Second, this study reveals that current absolute weight is a better marker for the maturation of the infants’ intestinal microbiome than postconceptional age as it less confounded by various infant-specific factors. Our results support the hypothesis that the intestinal microbiome of the preterm infant appears to follow a patterned progression which is indicative of the microbiome developing as a result of infant development measured in weight, not the weight developing as a result of the microbiome. We did not find that the microbiome composition at any taxonomic level in paired analyses was predictive for weight gain in subsequent weeks. Important in this regard is to again note that bifidobacteria or lactobacilli are generally absent in extremely premature children. The abundance, or the diminished abundance in the case of antibiotics [37], of these bacteria is frequently linked with improved growth. Similarly, the use of probiotics in term and preterm infants has been found associated with improved weight gain [38]. Bifidobacteria and lactobacilli have co-evolved together with humans in a mutually beneficial relationship. The same cannot be said for bacteria associated with an extremely preterm microbiome as preterm infants would simply have died in the past; (extremely) preterm infants represent an ecologically unnatural situation where bifidobacteria and lactobacilli have trouble even persisting without continually being supplied in relatively large quantities as probiotics.

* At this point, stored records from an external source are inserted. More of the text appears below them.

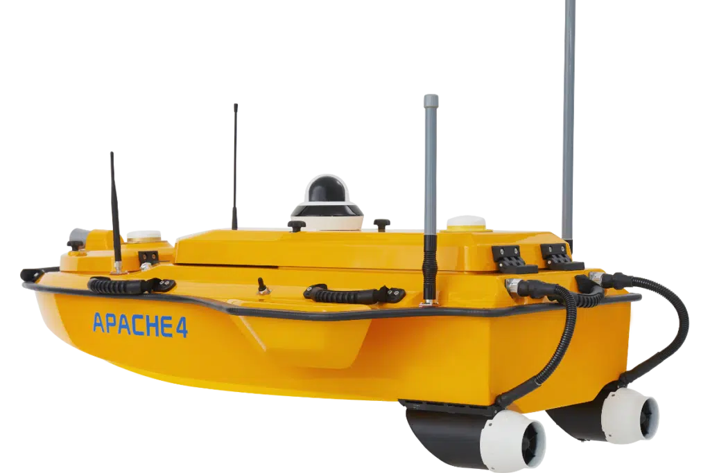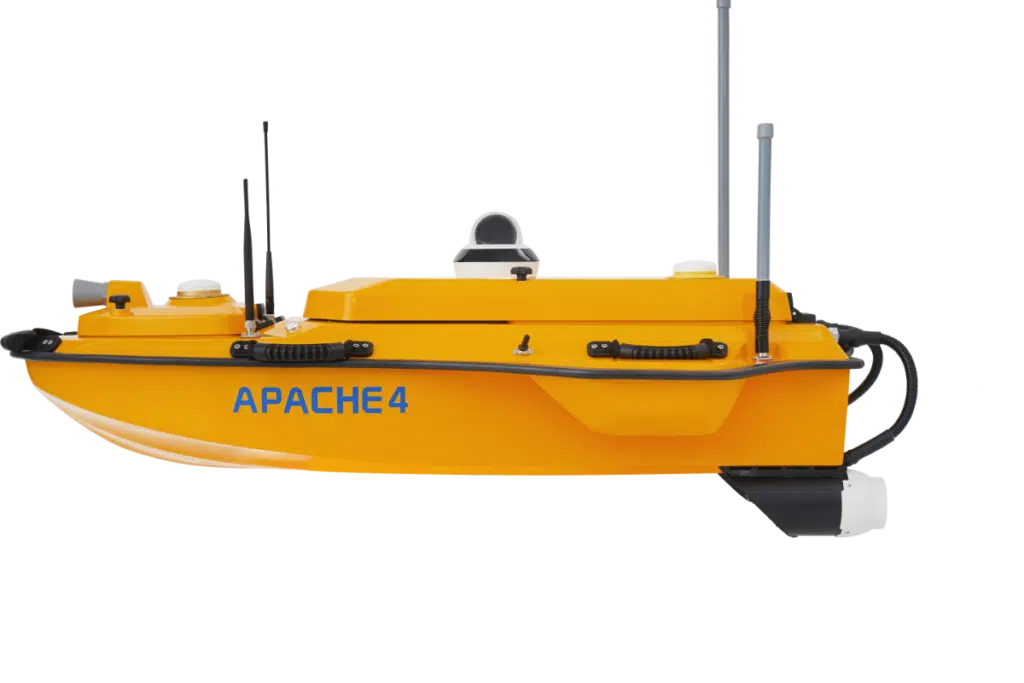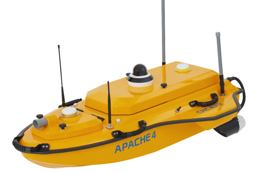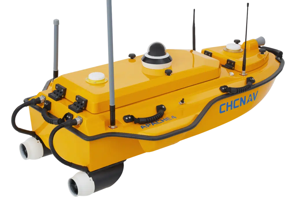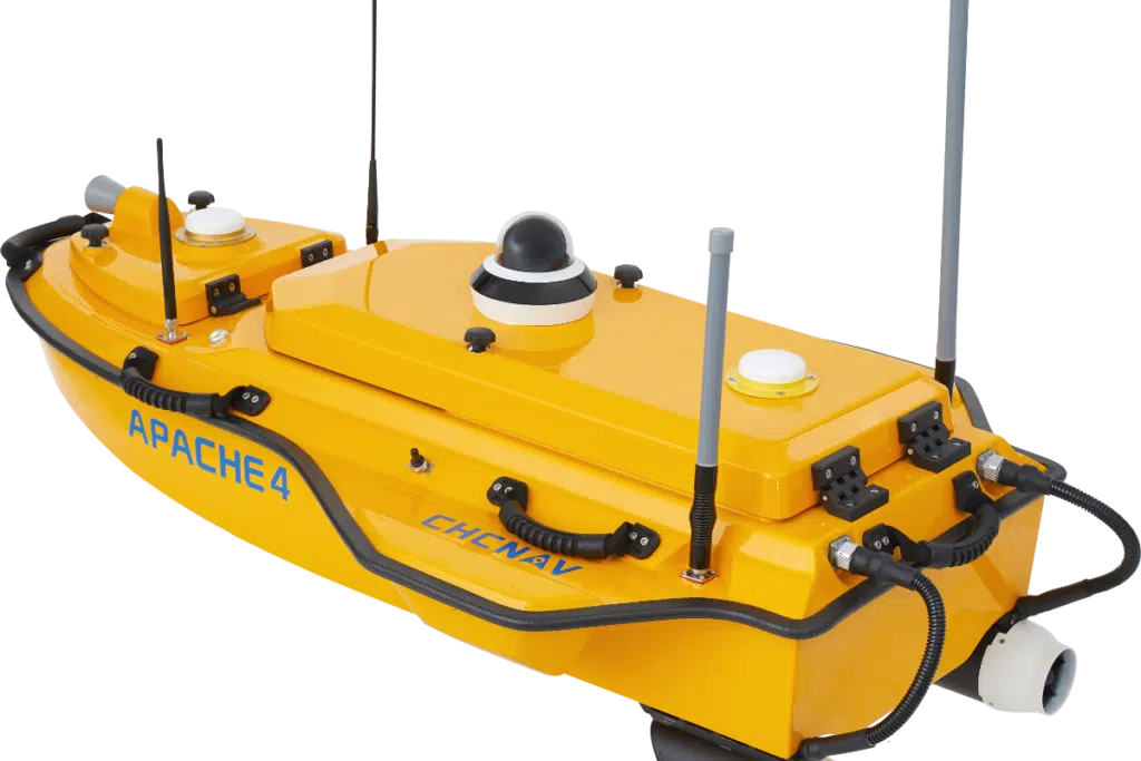 The CHCNAV APACHE 4 is an Unmanned Surface Vessel (USV) that supports a wide variety of Acoustic Doppler Current Profiler (ADCP) systems available on the market. It offers an unmanned operation solution with a shallow draft, high navigational accuracy, and stable hovering for hydrologists when measuring water flow velocity and discharge of a current section. Very compact, it enables easy handling at the mission site, facilitates safe launching, and convenient transportation by car.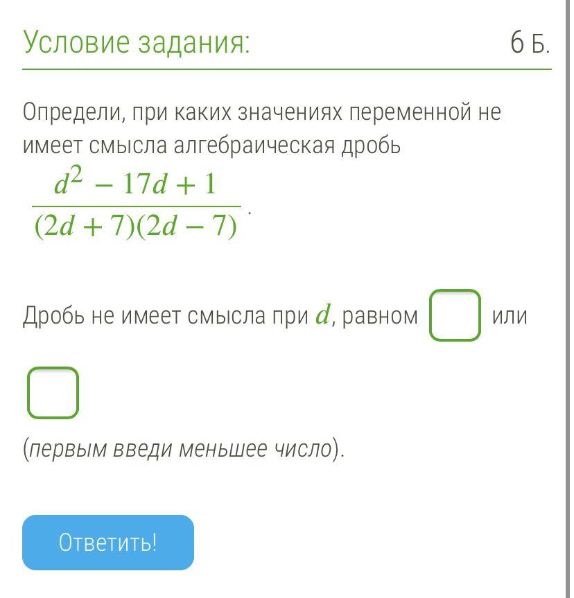 Дробь не имеет смысла при d равном -3,5 или 3,5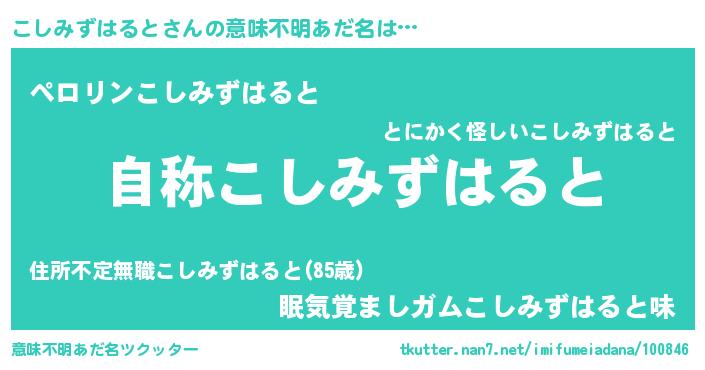 | 女子向けラノベタイトル風あだ名 | 『こしみずはるとなんてお断りですっ。』 |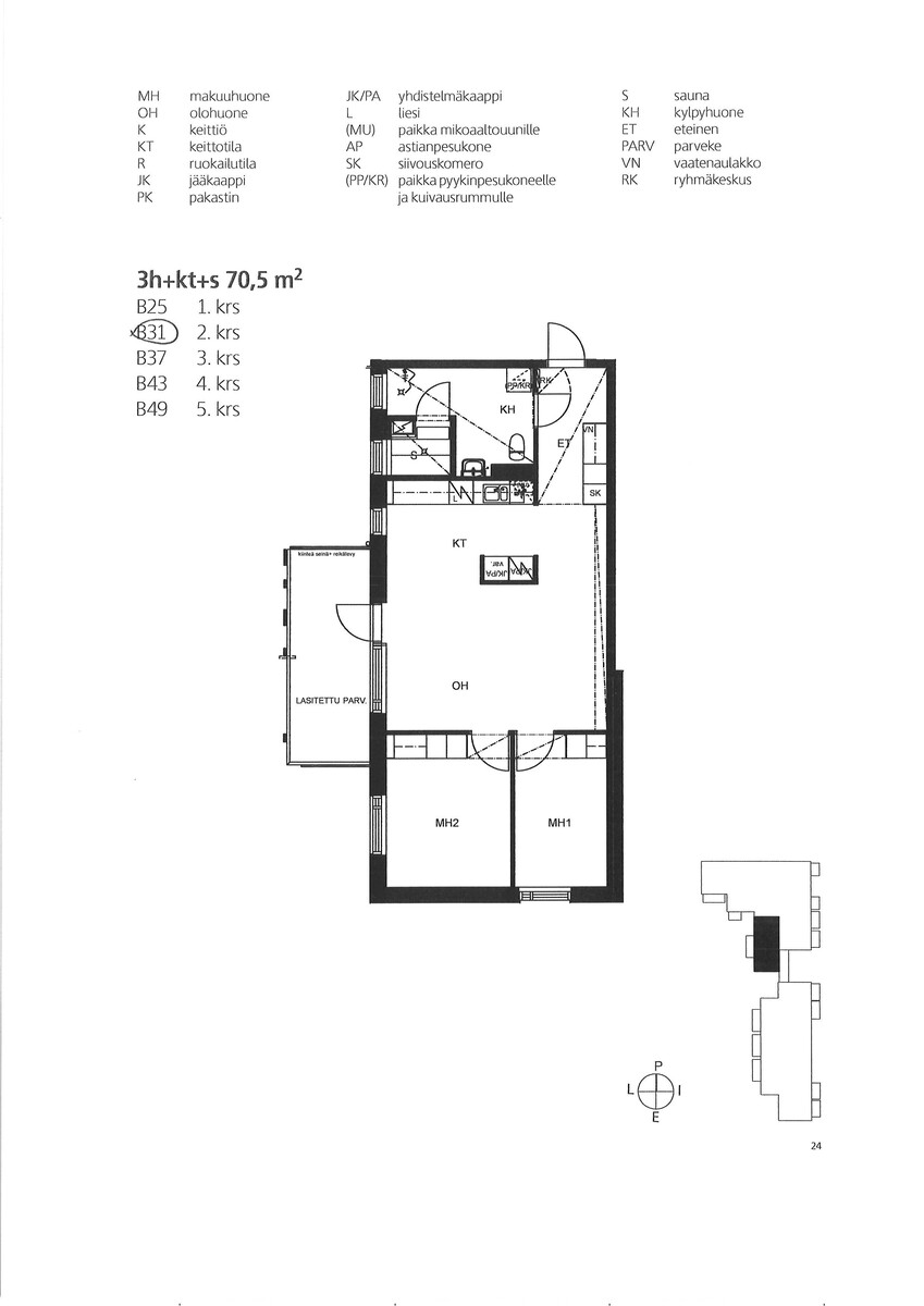 | Huoneistoselitelmä | 3h+kt+s+kph+lasitettu parveke |

Recently, La Rosa et al. [26] and Korpela et al. [39] both described the hypothesis that the gut microbiome of the preterm infant appears to follow a patterned progression linked with postconceptional age as a key marker for host biology / maturity. La Rosa, et al. [26] describes a progression from bacilli to γ-Proteobacteria (Enterobacteriaceae) to clostridia (and Negativicutes). In this hypothesis, the place where preterm infants step into this progression is mainly dependent on their GA at birth [26]. A longer follow-up study would have seen a subsequent progression into Bifidobacterium (and/or Bacteroides). Our study, which focused on the first 4 weeks of life of extremely and very preterm infants, confirms the first part of this transition, namely the progression of a staphylococci (bacilli) dominance to an Enterobacteriaceae dominated microbiome in extremely preterm infants. We however found in this dataset that postconceptional age was not a meaningful descriptor of maturity/host biology with regard to the development of the gut microbiome as various complications can hamper infant development which are not taken into account by age yet which are represented by weight. A reason for this inaccuracy is highlighted by our comparison of infants delivered vaginally or by CS and the underlying causes of prematurity. In our cohort CS delivered infants had on average a higher GA at birth but a lower BW (Z-score) than their vaginally delivered counterparts (Fig. 1). As can be expected, we observed that the type of pregnancy complication inducing preterm birth (placental insufficiency vs. intra-uterine infection/spontaneous preterm birth) was not only significantly associated with the mode of delivery but also with Z-scores for BW, representing fetal growth restriction.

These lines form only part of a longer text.